About this task:
Lower down are entries containing pictures. Copy exactly, without those pictures, the lines from the line with "Hex #ad2b68 Color" through the line with "6年生が遠野オートキャンプ場に行き、竹かご作りと紙すき体験をしてきました。".

Extracted data below:

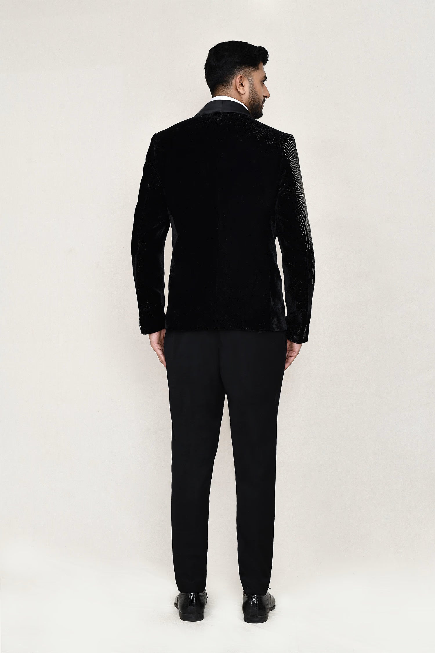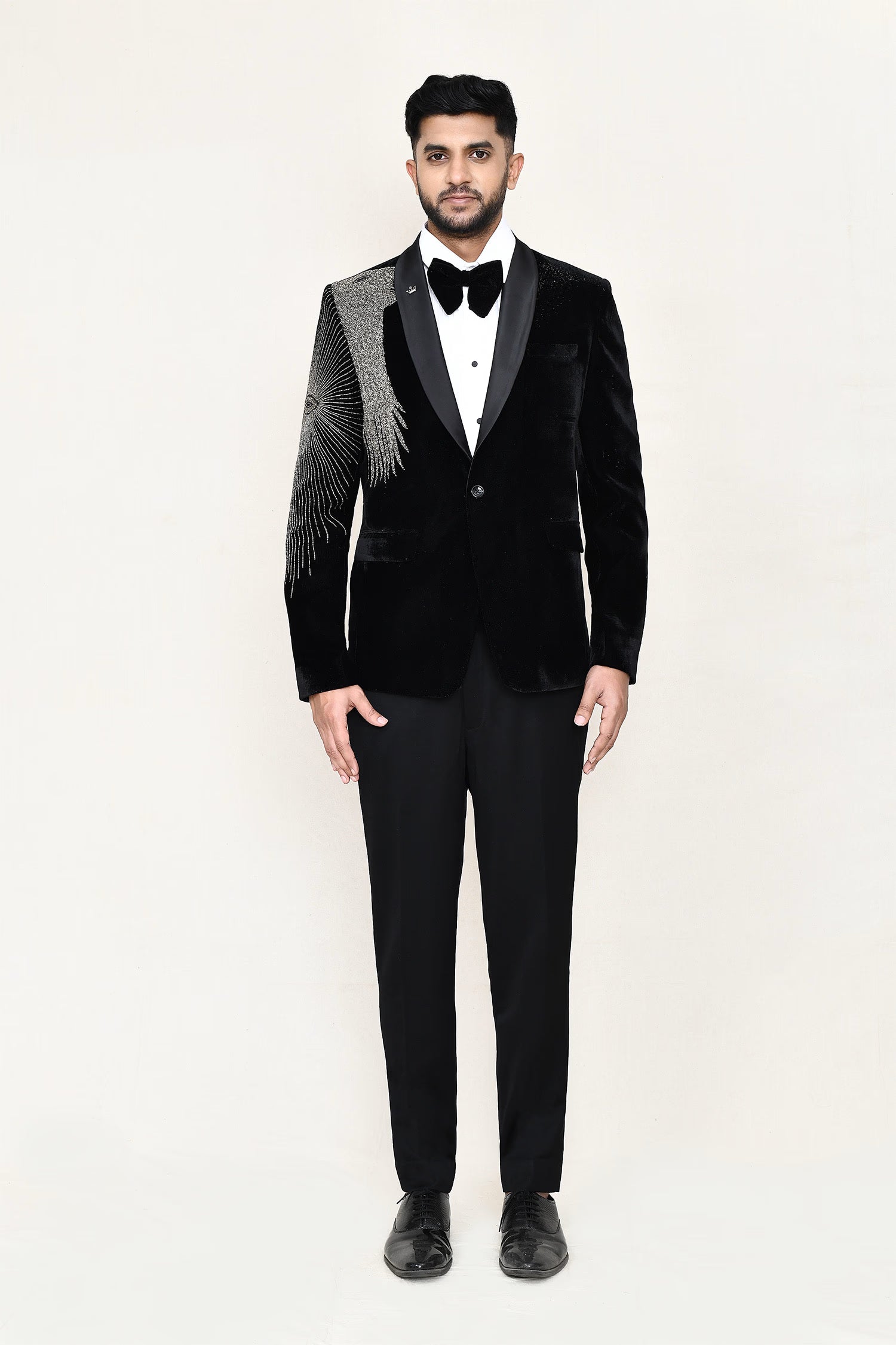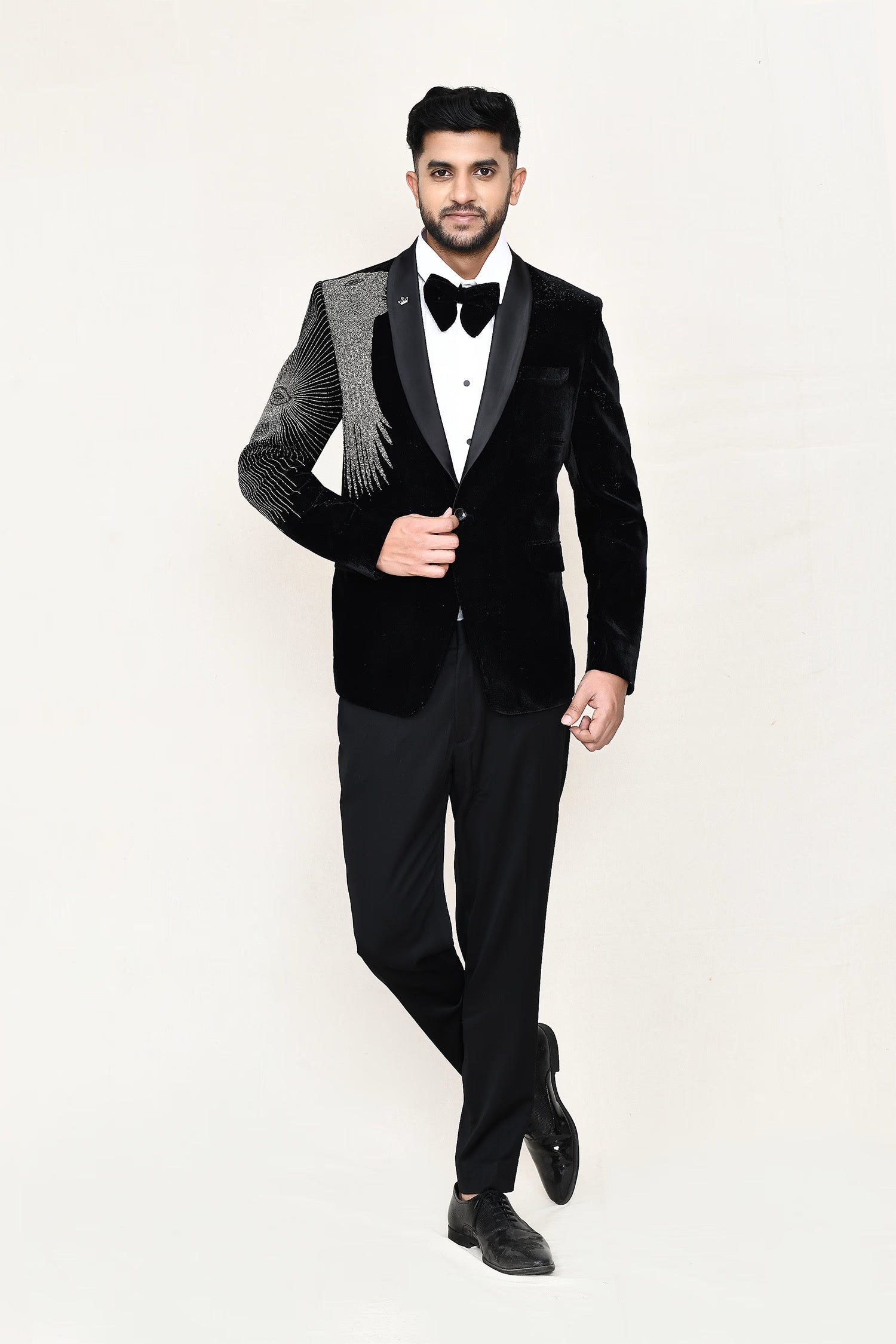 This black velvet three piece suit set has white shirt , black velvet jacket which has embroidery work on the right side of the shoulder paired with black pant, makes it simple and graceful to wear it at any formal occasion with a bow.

End of Extracted data.
Extracted data below:

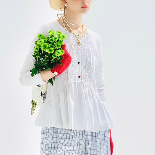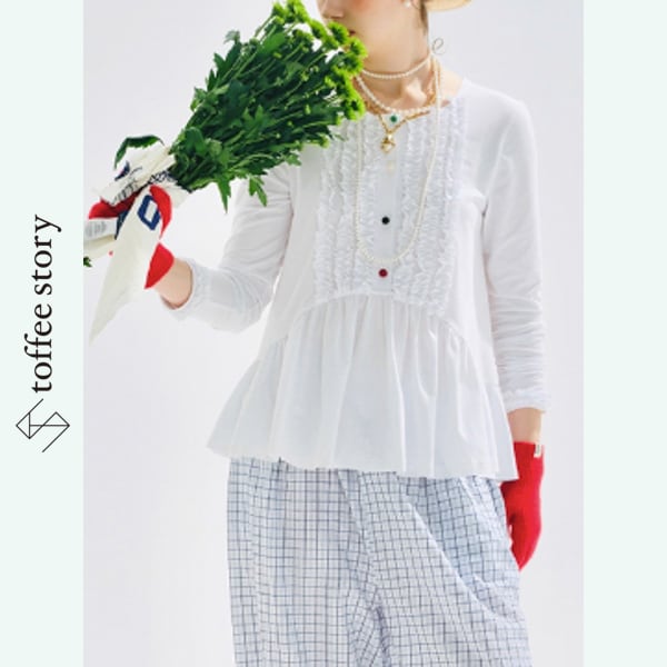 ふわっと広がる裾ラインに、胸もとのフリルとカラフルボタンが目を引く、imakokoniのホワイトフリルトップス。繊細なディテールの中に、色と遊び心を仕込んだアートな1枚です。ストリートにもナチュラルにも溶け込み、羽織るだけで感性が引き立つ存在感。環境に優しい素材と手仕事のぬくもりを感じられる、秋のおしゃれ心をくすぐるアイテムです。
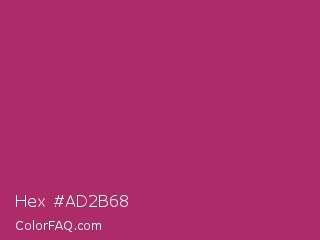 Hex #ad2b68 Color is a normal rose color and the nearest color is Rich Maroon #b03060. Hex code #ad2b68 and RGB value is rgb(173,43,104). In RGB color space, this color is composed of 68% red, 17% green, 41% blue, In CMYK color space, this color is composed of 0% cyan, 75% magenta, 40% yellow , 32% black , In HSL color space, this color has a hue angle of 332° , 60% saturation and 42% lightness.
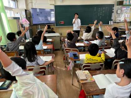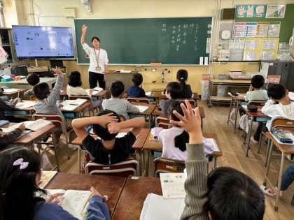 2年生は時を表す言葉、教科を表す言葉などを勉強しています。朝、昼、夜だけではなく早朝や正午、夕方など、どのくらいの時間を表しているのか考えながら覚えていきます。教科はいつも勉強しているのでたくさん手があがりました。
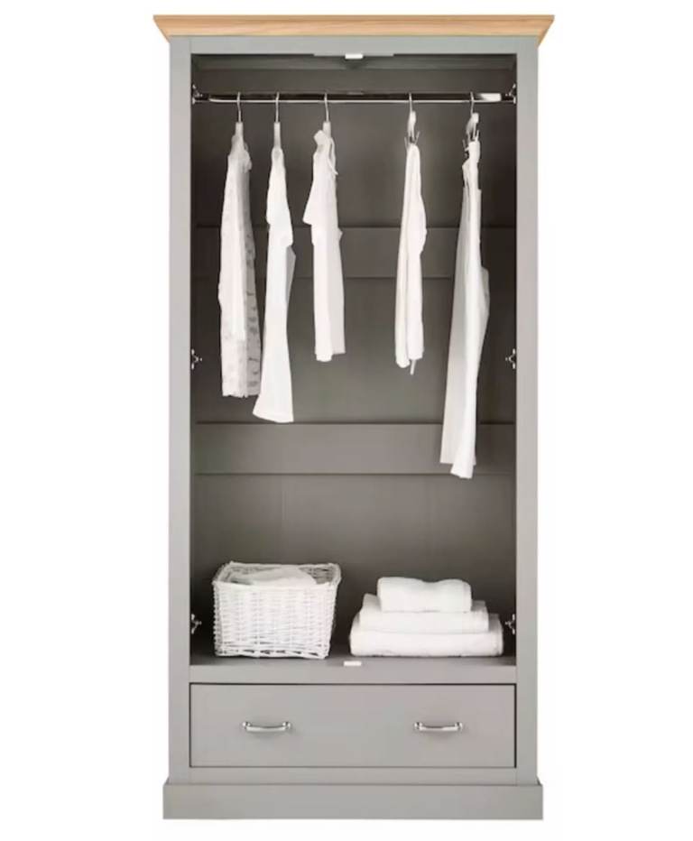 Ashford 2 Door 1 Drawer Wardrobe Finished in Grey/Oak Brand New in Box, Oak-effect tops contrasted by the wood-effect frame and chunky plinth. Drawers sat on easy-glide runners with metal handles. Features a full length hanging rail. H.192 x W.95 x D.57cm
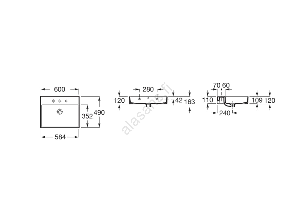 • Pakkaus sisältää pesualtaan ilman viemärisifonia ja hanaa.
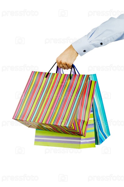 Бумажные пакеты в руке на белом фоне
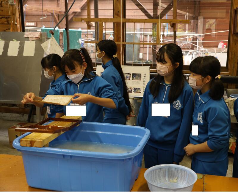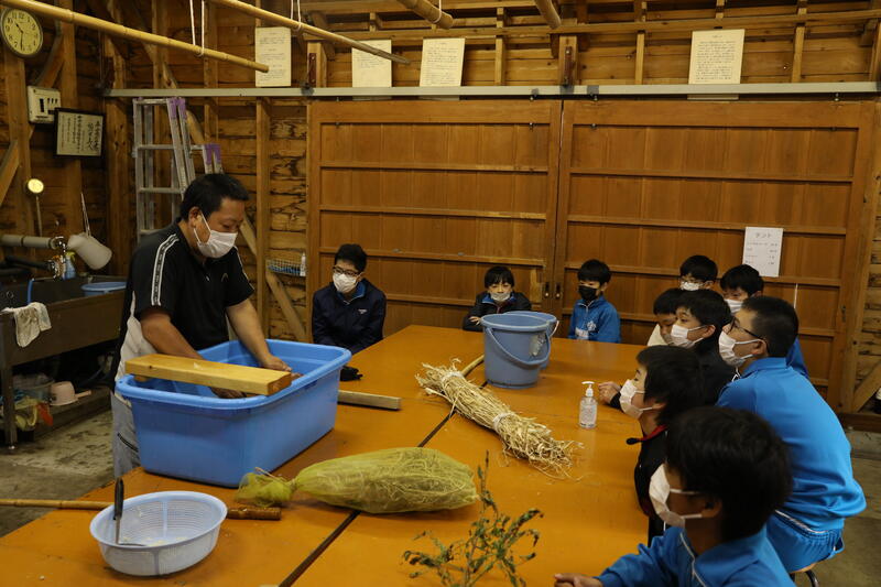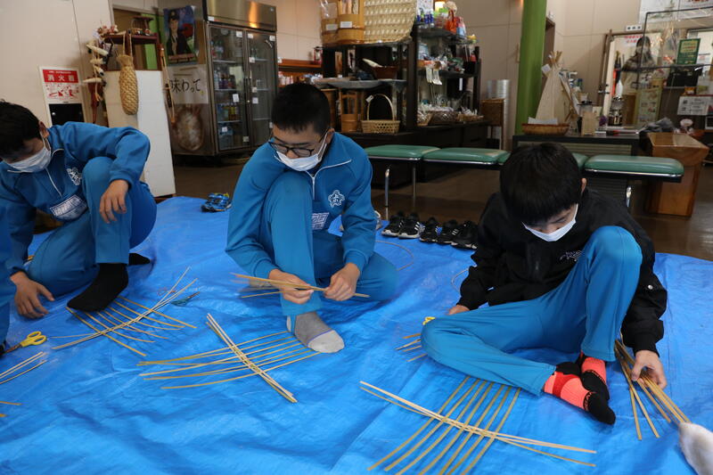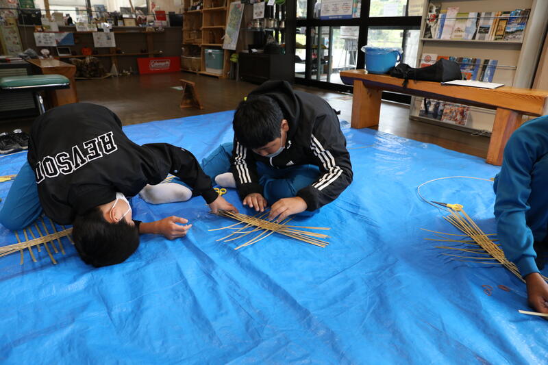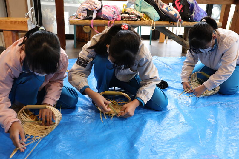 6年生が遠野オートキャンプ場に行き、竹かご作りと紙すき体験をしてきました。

End of Extracted data.
Extracted data below:

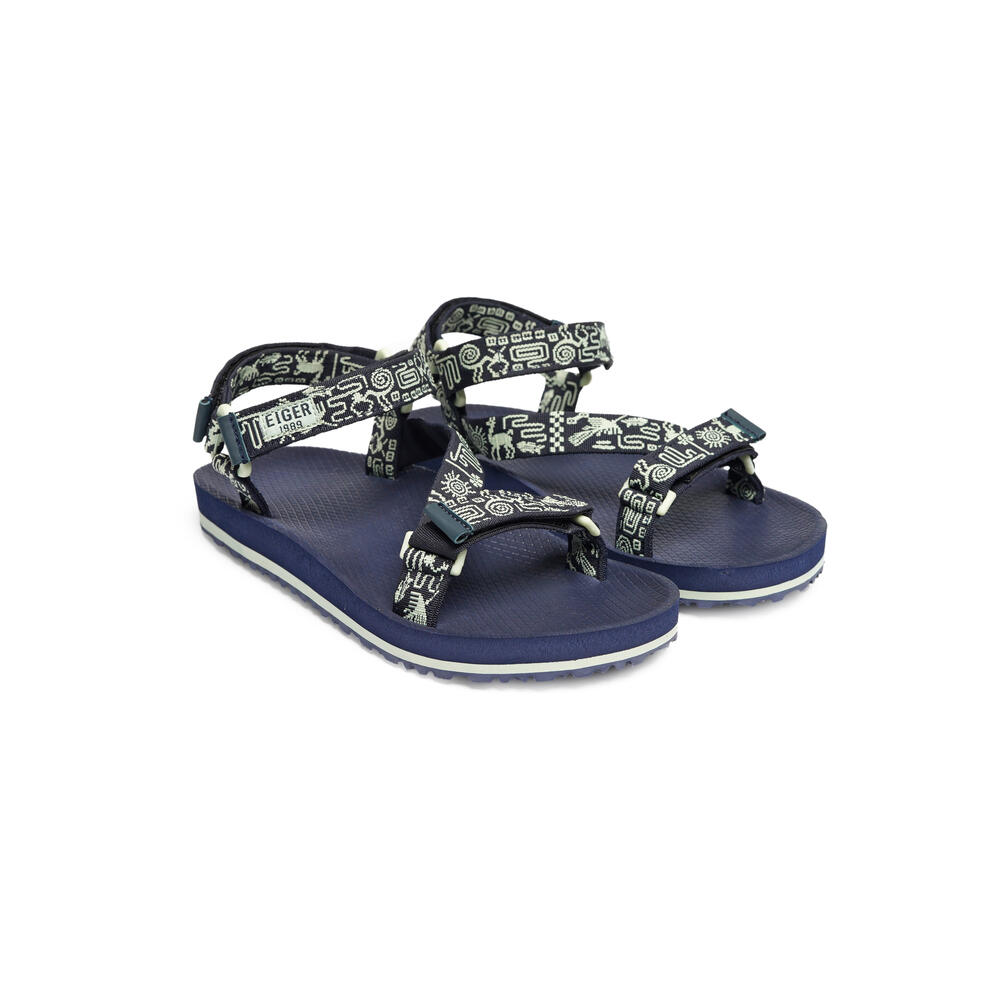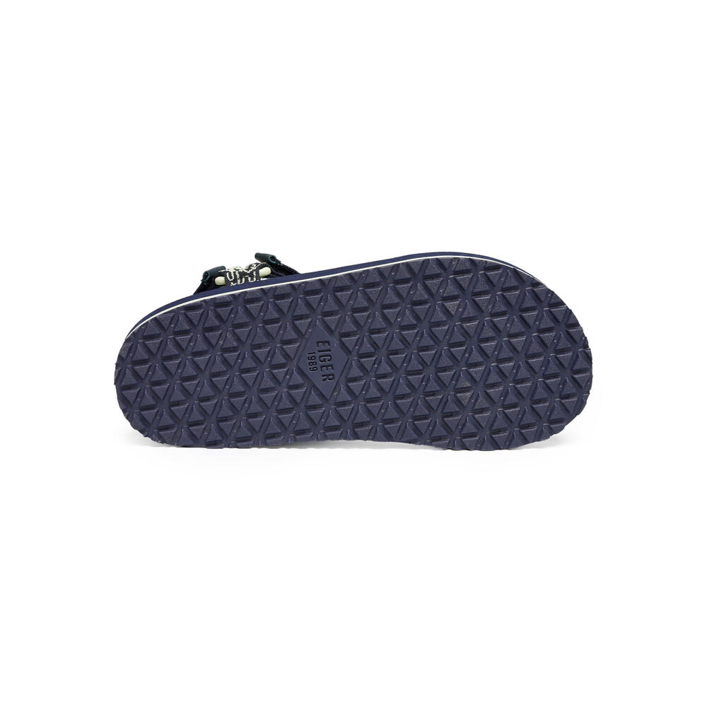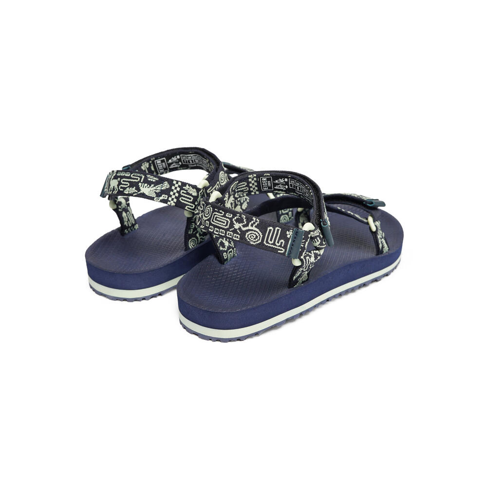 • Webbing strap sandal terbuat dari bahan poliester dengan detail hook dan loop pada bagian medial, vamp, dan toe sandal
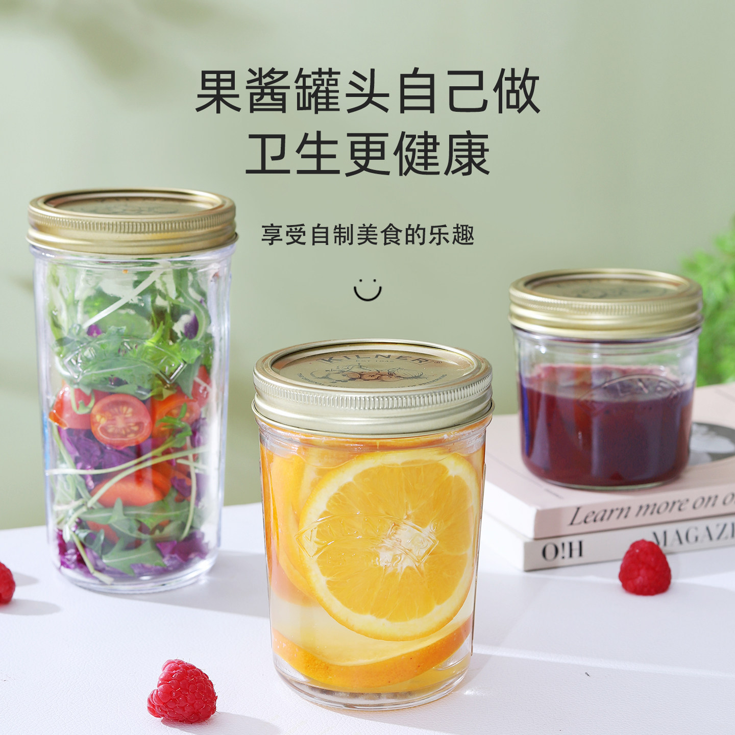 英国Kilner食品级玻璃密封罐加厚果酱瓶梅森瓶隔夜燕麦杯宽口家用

End of Extracted data.

Answer section:
 Hex #ad2b68 Color is a normal rose color and the nearest color is Rich Maroon #b03060. Hex code #ad2b68 and RGB value is rgb(173,43,104). In RGB color space, this color is composed of 68% red, 17% green, 41% blue, In CMYK color space, this color is composed of 0% cyan, 75% magenta, 40% yellow , 32% black , In HSL color space, this color has a hue angle of 332° , 60% saturation and 42% lightness.
 2年生は時を表す言葉、教科を表す言葉などを勉強しています。朝、昼、夜だけではなく早朝や正午、夕方など、どのくらいの時間を表しているのか考えながら覚えていきます。教科はいつも勉強しているのでたくさん手があがりました。
 Ashford 2 Door 1 Drawer Wardrobe Finished in Grey/Oak Brand New in Box, Oak-effect tops contrasted by the wood-effect frame and chunky plinth. Drawers sat on easy-glide runners with metal handles. Features a full length hanging rail. H.192 x W.95 x D.57cm
 • Pakkaus sisältää pesualtaan ilman viemärisifonia ja hanaa.
 Бумажные пакеты в руке на белом фоне
 6年生が遠野オートキャンプ場に行き、竹かご作りと紙すき体験をしてきました。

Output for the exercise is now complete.